Mitsubishi Zero Returns to Japan

Looking into the larger container, the canopy and wings are braced inside of steel frame. It will be shrink wrapped for protection from the elements, and heavily padded.


Looking into the larger container, the canopy and wings are braced inside of steel frame. It will be shrink wrapped for protection from the elements, and heavily padded.
Looking into the larger container, the canopy and wings are braced inside of steel frame. It will be shrink wrapped for protection from the elements, and heavily padded.

A Mitsubishi A6M5 Zero fighter belonging to the Planes of Fame Air Museum in Chino, California was recently packed into shipping containers destined for the land of its birth, Japan. This is the third time the plane has been sent back to Japan since its restoration to flying condition in 1978.

The Zero will be on display for five months at the Yoyogi Parade Grounds in the Shibuya Ward of Tokyo, which was the site of Japan’s first powered flight when Japanese Imperial Army Captain Yoshitoshi Tokugawa made that historic flight in a Farman III biplane on December 19, 1910.

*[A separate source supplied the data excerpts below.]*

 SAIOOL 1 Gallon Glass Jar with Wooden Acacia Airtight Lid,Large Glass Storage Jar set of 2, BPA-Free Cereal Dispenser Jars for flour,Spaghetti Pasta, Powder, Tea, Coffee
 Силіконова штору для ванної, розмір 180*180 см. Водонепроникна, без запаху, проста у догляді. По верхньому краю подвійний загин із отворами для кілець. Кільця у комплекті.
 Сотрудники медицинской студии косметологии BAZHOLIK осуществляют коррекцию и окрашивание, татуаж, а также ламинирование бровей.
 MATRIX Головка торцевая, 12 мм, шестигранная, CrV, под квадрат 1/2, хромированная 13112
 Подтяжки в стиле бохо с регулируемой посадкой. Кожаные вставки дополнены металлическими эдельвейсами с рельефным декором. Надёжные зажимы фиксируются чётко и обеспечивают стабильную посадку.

Captured undamaged on the island of Saipan on June 18, 1944, this Zero was one of 13 examples shipped to the USA for testing and evaluation. The illustrious list of pilots who flew this particular Zero includes Charles Lindberg, Marine Corps ace Marion Carl, Grumman chief test pilot C.H. “Corky” Meyer and dive-bomber pilot/post-war air racing champion Cook Cleland.

During its first trip back to Japan in late 1979, the Zero undertook a six-month flying tour around the country, the first time that a Zero had been seen flying in the Land of the Rising Sun since the end of World War Two in 1945. In 1995, the Zero, along with another of its Planes of Fame stablemates, a North American P-51D Mustang were shipped across the Pacific for a flying tour around Japan, entitled “Flying as Friends.” Though the Zero is not scheduled to fly during this exhibition, its distinctive 14-cylinder, air-cooled, radial Nakajima Sakae engine will be started from time-to-time for the expected crowds of appreciative onlookers.

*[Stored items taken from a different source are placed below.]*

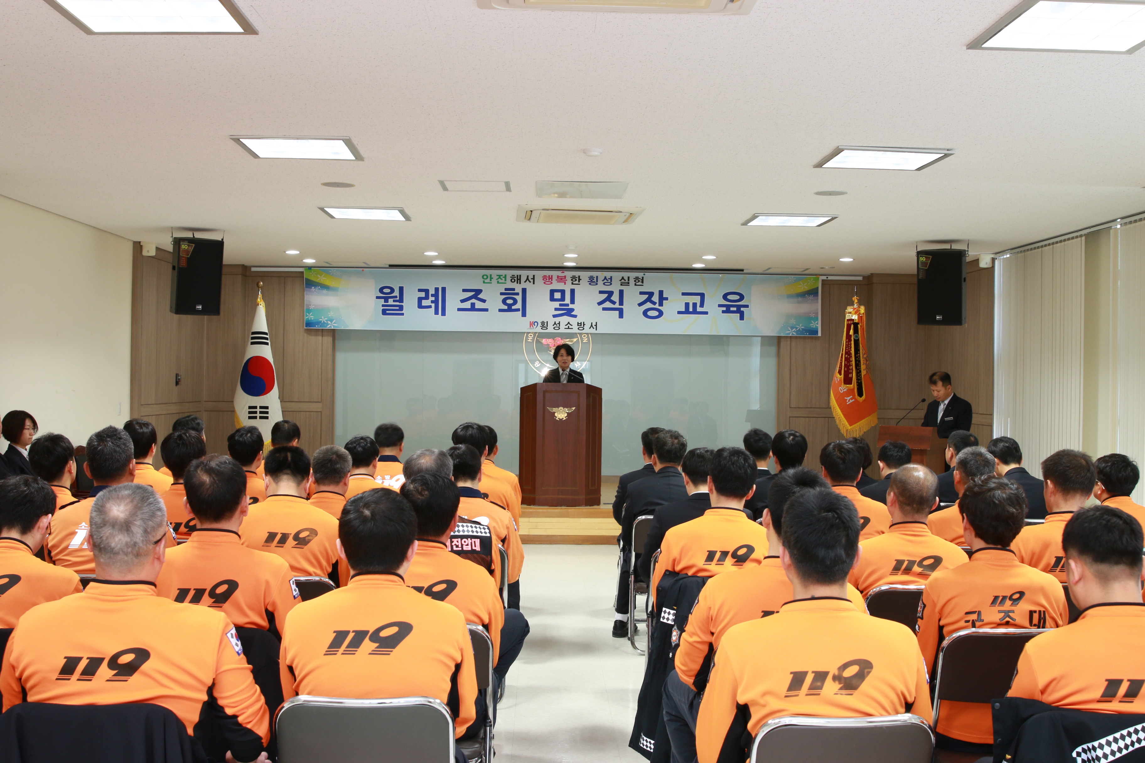 횡성소방서(서장 원미숙)는 4일 횡성소방서에서 월례조회를 실시했다. 월례 조회 후에는 교통안전공단 전미연 강사를 초빙해 교통안전사고 예방교육을 실시했다.
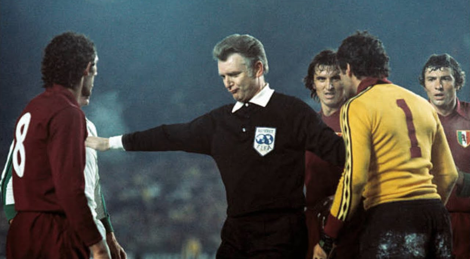 Andata del secondo turno, Torino-Borussia Monchengladbach, 20 ottobre. Comunale gremito, più di 70mila spettatori accorsi a spingere il Toro in questa impresa che alla vigilia sembrò insormontabile: nonostante il buon periodo di risultati, la condizione fisica dei granata non pareva essere all’altezza di una gara dal simile peso specifico. Pecci, il cervello del centrocampo, assente per infortunio, capitan Claudio Sala non era al meglio della forma, ma fare a meno di lui in una partita del genere era impossibile. Il poeta infatti partì titolare alle spalle di Graziani e Garritano. Non Pulici. Il numero 11 granata non stava attraversando un periodo di forma brillante e Radice optò per la verve dell’attaccante calabrese che nell’ultimo incontro di campionato contro il Bologna andò a segno. Una scelta rischiosa e coraggiosa quella del “tedesco” che tuttavia non portò i suoi frutti, non tanto per demerito dei suoi ragazzi, quando per la forza degli avversarsi. Quadrati, tosti, rognosi nelle marcature a uomo, ma anche tecnici e veloci nel ripartire in contropiede per far male al Toro, che parte agguerrito in avvio provando subito a far capire al Borussia che la trasferta sotto la Mole non sarebbe stata una vacanza. Ci provano prima Claudio Sala e poi Patrizio Sala ma entrambe le conclusioni dalla distanza vengono murate dal panzer tedesco che si compatta bene nella sua metà campo e senza affanno riesce a negare ogni pertugio al Torino dove invece l’assenza di Pecci nel cuore del campo si fa sentire pesantemente. L’inizio del tracollo scocca al 23’ quando Claudio Sala alzò bandiera bianca: al suo posto Radice inserisce Pulici disegnando un Toro con tre punte, ma spaccato in due tronconi. Il centrocampo sorretto da Butti, Patrizio Sala e Zaccarelli non riesce a costruire e ad arginare, e non passa molto dal primo vantaggio del ‘Gladbach: Simonsen mette paura al Toro colpendo il palo e, poco dopo, da errore di Zaccarelli in mezzo al campo, Stiellke e Vogts danno via alla ripartenza che porta i tedeschi in vantaggio grazie alla rete di Vogts alla mezz’ora. Torino 0, Borussia 1 e primo tempo che si chiude con questo risultato. “Miracolosamente il Torino è riuscito a riorganizzarsi nel quarto d'ora d'intervallo e si è presentato nella ripresa di nuovo abbastanza ordinato, malgrado costretto ad uno schieramento chiaramente anomalo dalle tre punte in avanti. I granata poi hanno cercato di reagire con il grande cuore alla superiorità tecnica e di organizzazione degli avversari” - scrisse La Stampa del 21 ottobre 1976. L’animo e il cuore granata sorprende i tedeschi che in avvio di ripresa si fanno schiacciare dal forcing dei padroni di casa che, dopo un quarto d’ora, dagli sviluppi di un corner di Butti, riesce a portare i suoi frutti: traversone nel cuore dell’area che la difesa tedesca non libera del tutto, serie di batti e ribatti al limite dell’area con Patrizio Sala che, trovatosi il pallone fra i piedi, scarica di potenza il pallone nella rete avversaria con la compartecipazione di Wittkamp che devia in modo decisivo la sfera. Torino 1, Borussia 1. Tutto in equilibrio al Comunale e 70mila tifosi impazziti per il gol del centrocampista granata. È corrida al Comunale: il Toro preme e continua a mettere i brividi al Borussia, Pulici e Garritano hanno sui piedi il pallone del vantaggio ma lo sprecarono clamorosamente, anche il palo colpito da Zaccarelli si frappone fra il Torino e la vittoria. Vittoria che invece riesce a trovare il Monchengladbach, su una delle poche azioni offensive della ripresa, concretizzando al massimo un errore della retroguardia granata: su una punizione calciata da Bonhof i difensori granata hanno compiuto l'errore di portarsi tutti in barriera ed il tedesco ha calciato verso Klinkhammer, libero sulla sinistra, che tutto solo non sbaglia davanti a Castellini. Il Borussia era avanti, il Borussia vinse. I tedeschi conquistarono il primo atto in terra ospite grazie ad una vittoria “di rapina” sfruttando da grandi opportunisti l’errore del Torino che, poco meno di 2 settimane dopo in Germania, si sarebbe trovato di fronte un ostacolo insormontabile: un fischietto belga.
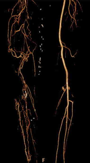Figura 2: angio-TC di paziente con occlusione femorale superficiale e poplitea dx (ricostruzione 3D volume rendering).
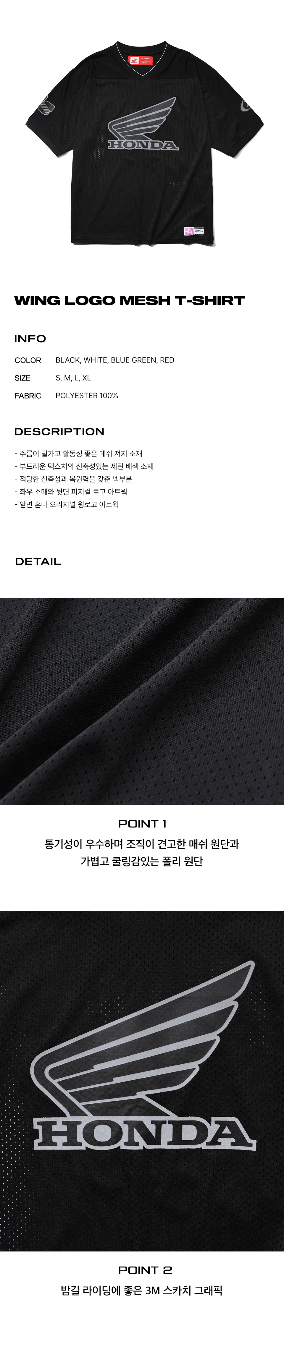 혼다 오리지널 윙 로고 메쉬 티셔츠 블랙

For its size, the Zero is a extraordinarily difficult aircraft to ship. To save weight while retaining strength, Mitsubishi designed the Zero’s wings and cockpit as a single, non-divisable unit. For shipping purposes, this construction requires that the aircraft be broken down into three sections, from the firewall forward, the center section and wings as a single unit and finally, the fuselage and tail section aft of the cockpit.